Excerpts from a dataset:

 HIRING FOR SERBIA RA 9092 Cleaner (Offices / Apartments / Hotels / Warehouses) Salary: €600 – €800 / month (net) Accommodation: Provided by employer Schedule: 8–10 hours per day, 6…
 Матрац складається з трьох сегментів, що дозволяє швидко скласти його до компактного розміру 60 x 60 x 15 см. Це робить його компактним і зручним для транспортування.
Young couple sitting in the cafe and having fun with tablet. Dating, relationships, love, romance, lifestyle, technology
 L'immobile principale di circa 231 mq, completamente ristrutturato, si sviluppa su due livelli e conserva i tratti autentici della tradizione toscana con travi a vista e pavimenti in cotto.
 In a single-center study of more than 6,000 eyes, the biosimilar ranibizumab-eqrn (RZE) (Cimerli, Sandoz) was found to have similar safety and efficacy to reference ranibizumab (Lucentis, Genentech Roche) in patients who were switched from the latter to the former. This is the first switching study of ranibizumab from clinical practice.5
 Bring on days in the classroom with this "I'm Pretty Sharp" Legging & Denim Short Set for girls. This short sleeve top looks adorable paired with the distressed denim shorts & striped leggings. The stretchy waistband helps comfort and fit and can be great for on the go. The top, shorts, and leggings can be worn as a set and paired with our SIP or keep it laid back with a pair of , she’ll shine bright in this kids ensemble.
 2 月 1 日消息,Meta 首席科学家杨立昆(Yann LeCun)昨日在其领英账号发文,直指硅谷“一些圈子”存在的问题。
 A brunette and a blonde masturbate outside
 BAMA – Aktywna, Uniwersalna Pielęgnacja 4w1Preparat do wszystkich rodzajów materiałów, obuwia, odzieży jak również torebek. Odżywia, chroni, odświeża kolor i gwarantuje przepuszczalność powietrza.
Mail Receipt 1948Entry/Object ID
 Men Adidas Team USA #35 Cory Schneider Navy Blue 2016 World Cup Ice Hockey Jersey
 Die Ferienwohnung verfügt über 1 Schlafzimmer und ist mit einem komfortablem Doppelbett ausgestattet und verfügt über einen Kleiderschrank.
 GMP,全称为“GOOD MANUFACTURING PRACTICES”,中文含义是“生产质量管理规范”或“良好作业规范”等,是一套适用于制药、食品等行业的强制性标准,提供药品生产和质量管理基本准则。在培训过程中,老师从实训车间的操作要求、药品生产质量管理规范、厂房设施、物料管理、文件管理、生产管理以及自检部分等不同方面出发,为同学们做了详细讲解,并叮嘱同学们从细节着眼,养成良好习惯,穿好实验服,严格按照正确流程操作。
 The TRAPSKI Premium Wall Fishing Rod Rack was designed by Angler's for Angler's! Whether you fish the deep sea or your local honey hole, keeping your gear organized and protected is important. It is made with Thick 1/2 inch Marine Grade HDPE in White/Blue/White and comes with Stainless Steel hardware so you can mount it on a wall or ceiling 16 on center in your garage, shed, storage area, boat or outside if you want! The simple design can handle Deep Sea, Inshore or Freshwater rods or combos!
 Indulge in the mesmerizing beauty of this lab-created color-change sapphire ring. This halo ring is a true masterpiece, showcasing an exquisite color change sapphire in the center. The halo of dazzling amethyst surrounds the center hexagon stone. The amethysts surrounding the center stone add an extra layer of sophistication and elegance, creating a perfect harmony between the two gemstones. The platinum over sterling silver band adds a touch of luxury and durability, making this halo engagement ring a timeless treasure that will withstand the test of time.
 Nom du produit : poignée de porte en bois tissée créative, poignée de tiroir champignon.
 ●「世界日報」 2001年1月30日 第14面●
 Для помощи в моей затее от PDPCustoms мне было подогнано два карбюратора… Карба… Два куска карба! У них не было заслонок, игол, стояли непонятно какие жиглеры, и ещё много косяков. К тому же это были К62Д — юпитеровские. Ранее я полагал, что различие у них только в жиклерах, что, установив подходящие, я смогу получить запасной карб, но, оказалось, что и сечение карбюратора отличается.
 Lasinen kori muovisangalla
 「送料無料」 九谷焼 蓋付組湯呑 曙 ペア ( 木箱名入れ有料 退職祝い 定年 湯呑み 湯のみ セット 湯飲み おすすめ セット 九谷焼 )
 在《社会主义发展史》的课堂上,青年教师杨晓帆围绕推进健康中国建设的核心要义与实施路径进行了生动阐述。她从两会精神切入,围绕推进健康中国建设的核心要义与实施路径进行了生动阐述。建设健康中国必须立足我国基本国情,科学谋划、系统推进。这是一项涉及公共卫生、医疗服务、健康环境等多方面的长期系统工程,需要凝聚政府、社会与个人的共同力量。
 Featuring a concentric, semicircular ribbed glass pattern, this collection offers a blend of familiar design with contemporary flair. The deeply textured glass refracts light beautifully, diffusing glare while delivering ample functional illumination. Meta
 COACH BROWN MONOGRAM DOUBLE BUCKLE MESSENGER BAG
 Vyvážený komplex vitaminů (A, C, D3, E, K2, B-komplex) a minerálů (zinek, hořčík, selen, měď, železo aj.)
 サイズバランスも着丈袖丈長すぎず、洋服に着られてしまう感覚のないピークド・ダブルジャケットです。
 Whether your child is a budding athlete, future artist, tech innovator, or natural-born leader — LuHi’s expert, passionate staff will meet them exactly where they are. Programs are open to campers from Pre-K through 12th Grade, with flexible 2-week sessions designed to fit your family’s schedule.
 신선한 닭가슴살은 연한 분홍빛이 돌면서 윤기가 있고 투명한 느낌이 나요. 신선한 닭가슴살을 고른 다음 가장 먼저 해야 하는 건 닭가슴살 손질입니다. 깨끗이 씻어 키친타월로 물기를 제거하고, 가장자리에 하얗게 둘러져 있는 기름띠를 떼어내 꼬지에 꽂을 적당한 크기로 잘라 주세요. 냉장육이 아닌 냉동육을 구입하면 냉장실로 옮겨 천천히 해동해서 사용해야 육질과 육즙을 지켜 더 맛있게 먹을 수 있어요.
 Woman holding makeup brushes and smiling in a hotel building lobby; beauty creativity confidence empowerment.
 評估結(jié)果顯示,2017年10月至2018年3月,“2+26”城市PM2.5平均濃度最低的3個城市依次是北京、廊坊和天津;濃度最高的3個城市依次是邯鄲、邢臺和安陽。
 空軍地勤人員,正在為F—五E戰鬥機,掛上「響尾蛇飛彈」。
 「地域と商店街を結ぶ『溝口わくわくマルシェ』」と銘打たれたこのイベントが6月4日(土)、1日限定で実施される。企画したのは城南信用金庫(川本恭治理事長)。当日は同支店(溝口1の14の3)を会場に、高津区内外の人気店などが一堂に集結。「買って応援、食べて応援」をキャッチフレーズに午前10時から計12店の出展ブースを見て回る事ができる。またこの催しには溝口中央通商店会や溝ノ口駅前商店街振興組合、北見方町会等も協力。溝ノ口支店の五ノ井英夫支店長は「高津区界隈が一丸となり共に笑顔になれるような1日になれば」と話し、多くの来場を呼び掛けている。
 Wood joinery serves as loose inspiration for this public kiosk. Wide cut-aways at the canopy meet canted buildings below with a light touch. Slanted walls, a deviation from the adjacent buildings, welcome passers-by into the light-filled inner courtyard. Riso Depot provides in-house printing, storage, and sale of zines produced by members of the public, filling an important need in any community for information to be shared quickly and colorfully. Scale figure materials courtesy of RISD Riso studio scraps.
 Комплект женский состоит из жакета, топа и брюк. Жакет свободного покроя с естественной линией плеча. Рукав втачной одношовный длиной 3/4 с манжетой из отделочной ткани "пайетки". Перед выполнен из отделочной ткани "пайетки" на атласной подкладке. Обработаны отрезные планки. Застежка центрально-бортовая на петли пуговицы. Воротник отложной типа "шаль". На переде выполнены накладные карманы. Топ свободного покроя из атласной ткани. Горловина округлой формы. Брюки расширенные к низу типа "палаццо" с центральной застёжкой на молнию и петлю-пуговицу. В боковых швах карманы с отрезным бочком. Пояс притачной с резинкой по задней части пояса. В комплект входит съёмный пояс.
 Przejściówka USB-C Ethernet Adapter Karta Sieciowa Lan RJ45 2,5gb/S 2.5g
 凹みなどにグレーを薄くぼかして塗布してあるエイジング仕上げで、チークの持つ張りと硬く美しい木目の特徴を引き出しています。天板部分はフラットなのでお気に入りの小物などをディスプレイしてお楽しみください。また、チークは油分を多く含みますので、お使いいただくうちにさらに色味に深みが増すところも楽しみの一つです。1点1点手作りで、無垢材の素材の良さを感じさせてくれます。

• **What is being asked**
Please transcribe only the lines in the records above running from the line that has "サイズバランスも着丈袖丈長す" through the line that has "Whether your child", both included, exactly as they appear.

• **Your response**
 サイズバランスも着丈袖丈長すぎず、洋服に着られてしまう感覚のないピークド・ダブルジャケットです。
 Whether your child is a budding athlete, future artist, tech innovator, or natural-born leader — LuHi’s expert, passionate staff will meet them exactly where they are. Programs are open to campers from Pre-K through 12th Grade, with flexible 2-week sessions designed to fit your family’s schedule.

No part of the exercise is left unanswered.